Aim of the task = Set down every line of the data exactly, skipping the pictures.
*** Opening of Data below ***
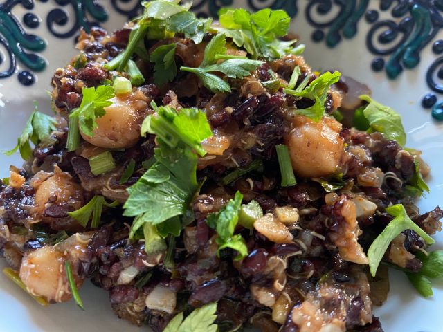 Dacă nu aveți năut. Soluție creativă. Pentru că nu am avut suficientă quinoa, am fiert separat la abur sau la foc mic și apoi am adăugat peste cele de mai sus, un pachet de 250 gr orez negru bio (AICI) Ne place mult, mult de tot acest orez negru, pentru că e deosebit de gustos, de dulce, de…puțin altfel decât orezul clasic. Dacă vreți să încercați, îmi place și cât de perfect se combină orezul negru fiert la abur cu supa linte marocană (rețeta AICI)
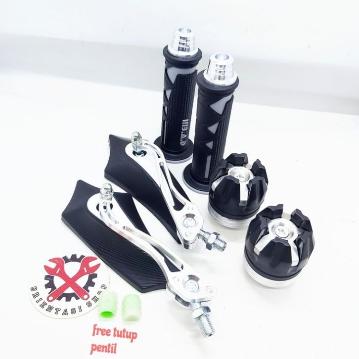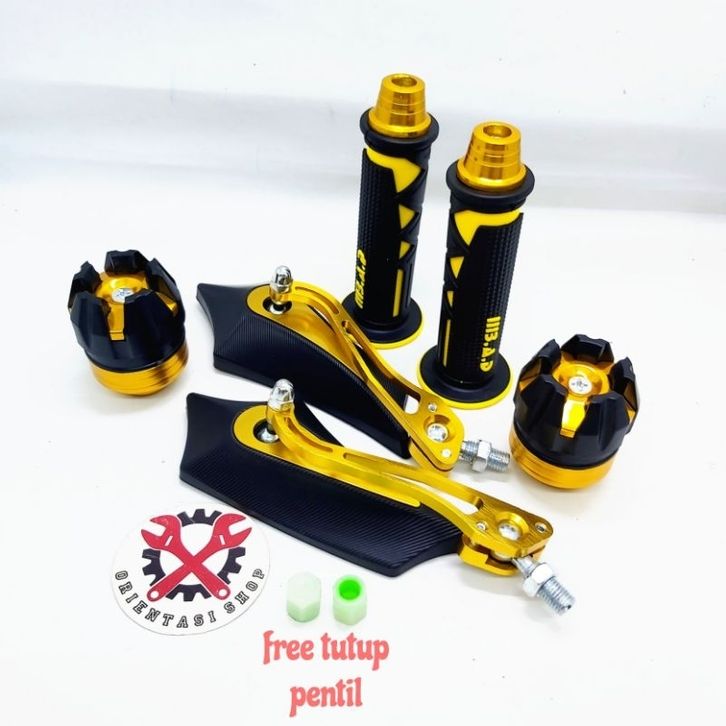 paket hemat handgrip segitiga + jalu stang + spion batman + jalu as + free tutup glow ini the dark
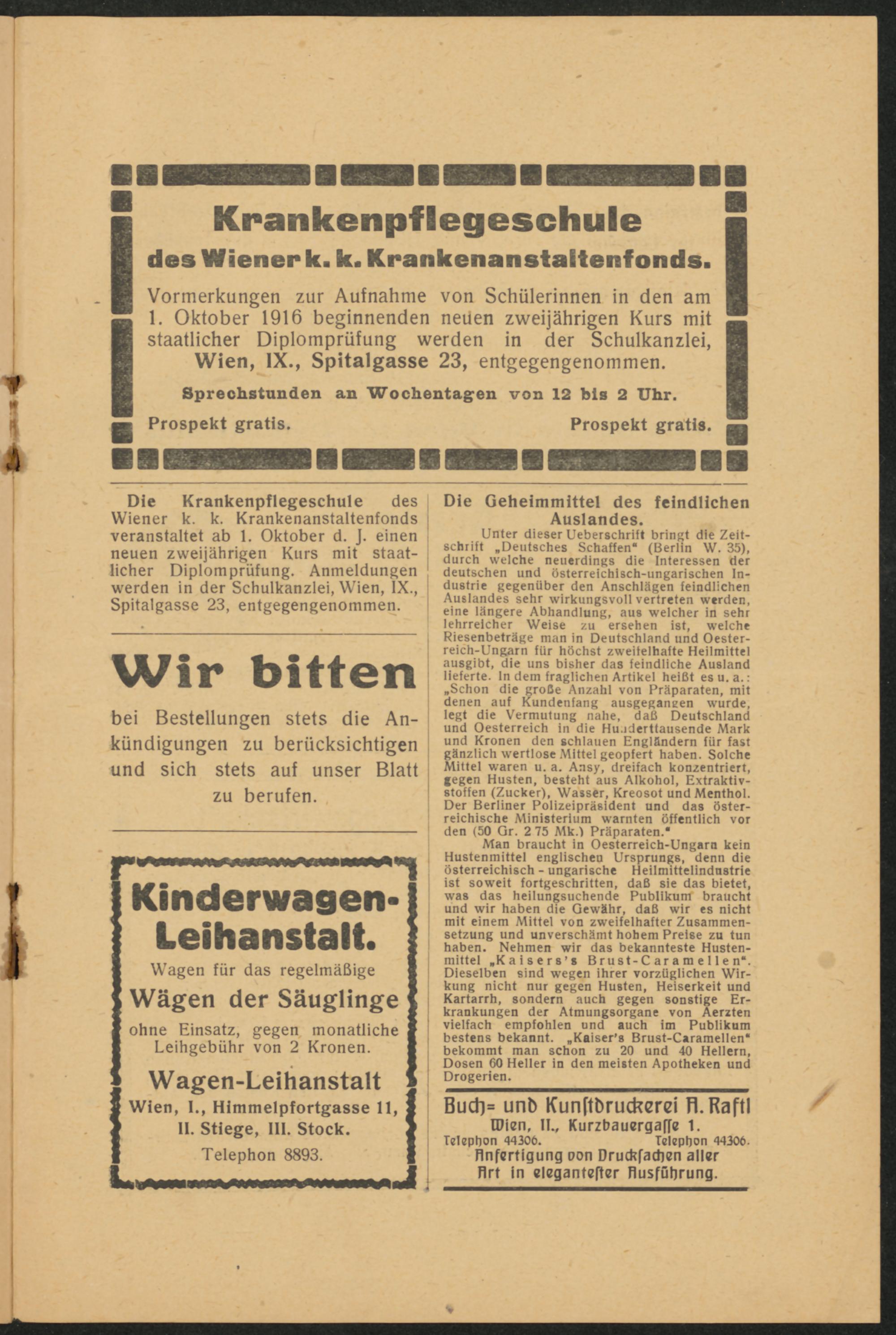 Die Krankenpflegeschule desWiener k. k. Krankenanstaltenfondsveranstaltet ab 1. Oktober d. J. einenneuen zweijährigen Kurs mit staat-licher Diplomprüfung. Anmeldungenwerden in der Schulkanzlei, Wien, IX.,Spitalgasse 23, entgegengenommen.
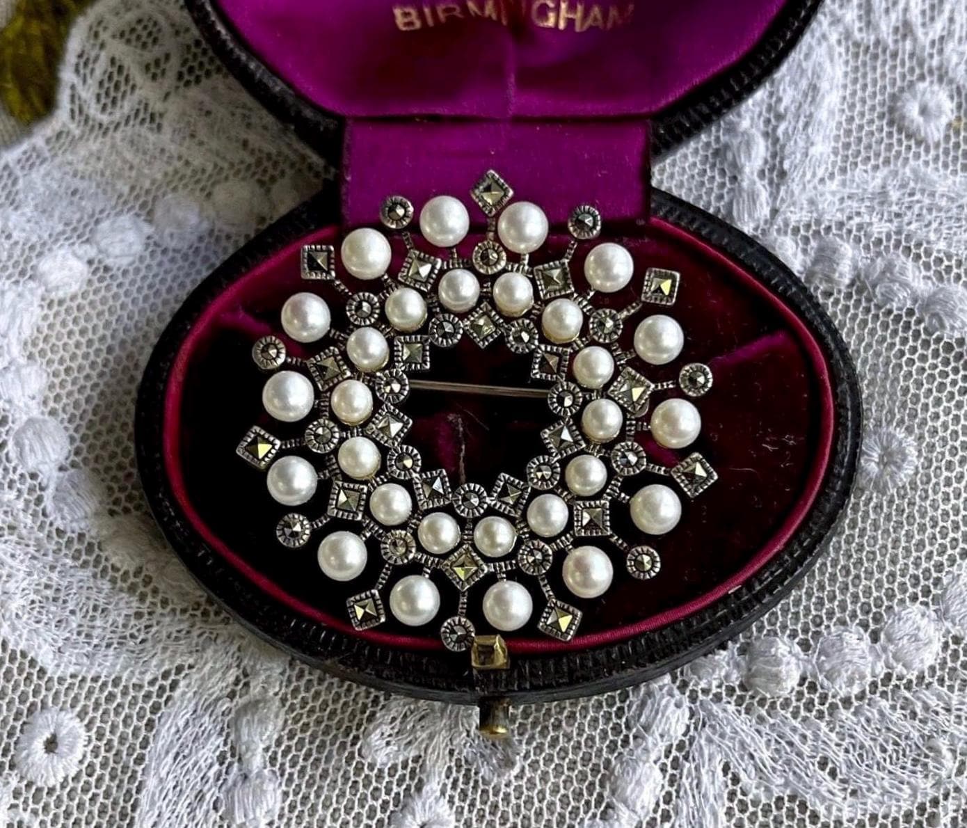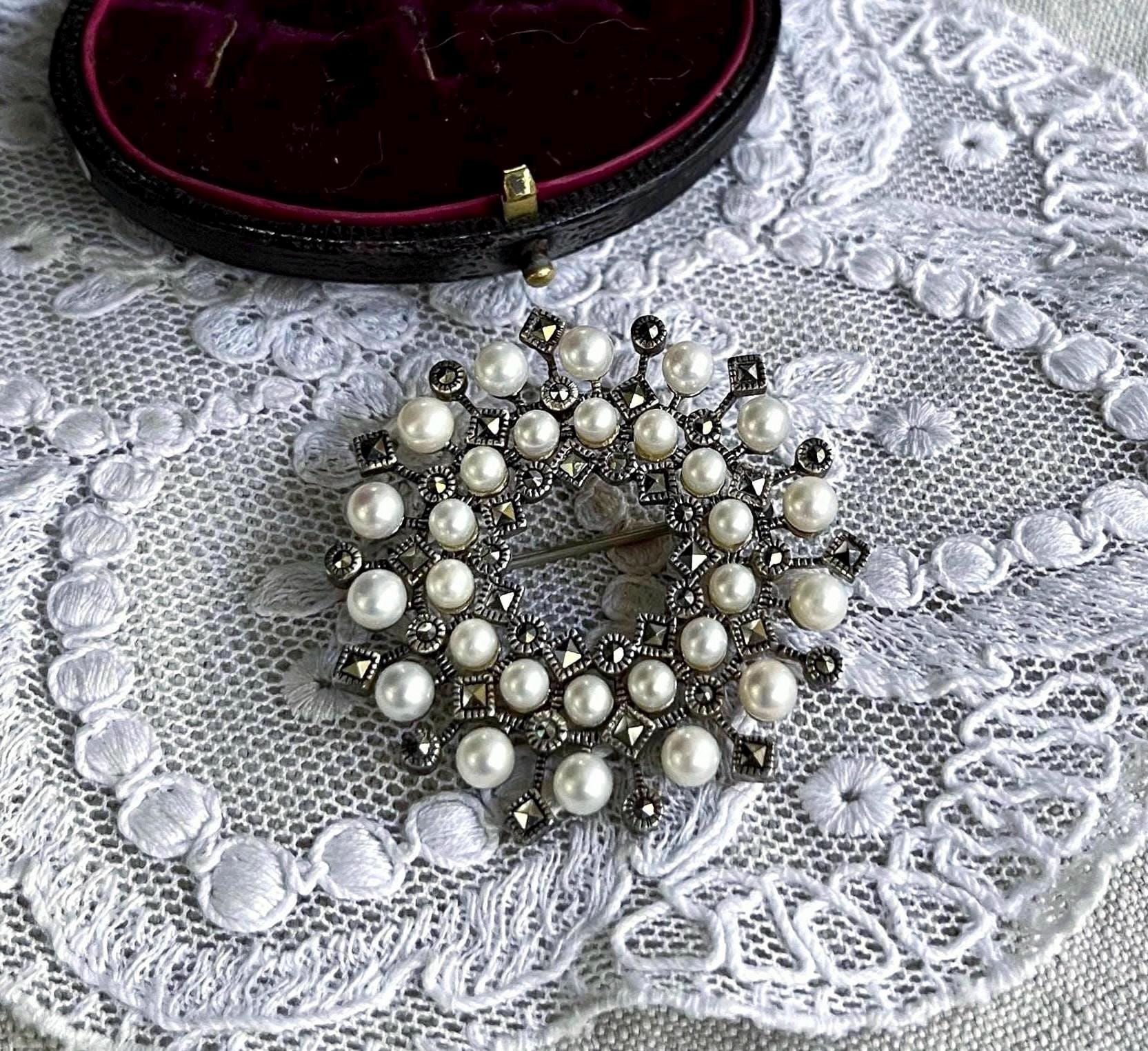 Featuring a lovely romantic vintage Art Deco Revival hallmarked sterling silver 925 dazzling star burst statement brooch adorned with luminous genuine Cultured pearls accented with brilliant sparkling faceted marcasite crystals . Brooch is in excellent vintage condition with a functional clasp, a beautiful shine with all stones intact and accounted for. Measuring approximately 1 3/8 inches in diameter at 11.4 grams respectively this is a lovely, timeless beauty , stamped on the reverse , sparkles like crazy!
*** Close of Data below ***
Worked solution =
 Dacă nu aveți năut. Soluție creativă. Pentru că nu am avut suficientă quinoa, am fiert separat la abur sau la foc mic și apoi am adăugat peste cele de mai sus, un pachet de 250 gr orez negru bio (AICI) Ne place mult, mult de tot acest orez negru, pentru că e deosebit de gustos, de dulce, de…puțin altfel decât orezul clasic. Dacă vreți să încercați, îmi place și cât de perfect se combină orezul negru fiert la abur cu supa linte marocană (rețeta AICI)
 paket hemat handgrip segitiga + jalu stang + spion batman + jalu as + free tutup glow ini the dark
 Die Krankenpflegeschule desWiener k. k. Krankenanstaltenfondsveranstaltet ab 1. Oktober d. J. einenneuen zweijährigen Kurs mit staat-licher Diplomprüfung. Anmeldungenwerden in der Schulkanzlei, Wien, IX.,Spitalgasse 23, entgegengenommen.
 Featuring a lovely romantic vintage Art Deco Revival hallmarked sterling silver 925 dazzling star burst statement brooch adorned with luminous genuine Cultured pearls accented with brilliant sparkling faceted marcasite crystals . Brooch is in excellent vintage condition with a functional clasp, a beautiful shine with all stones intact and accounted for. Measuring approximately 1 3/8 inches in diameter at 11.4 grams respectively this is a lovely, timeless beauty , stamped on the reverse , sparkles like crazy!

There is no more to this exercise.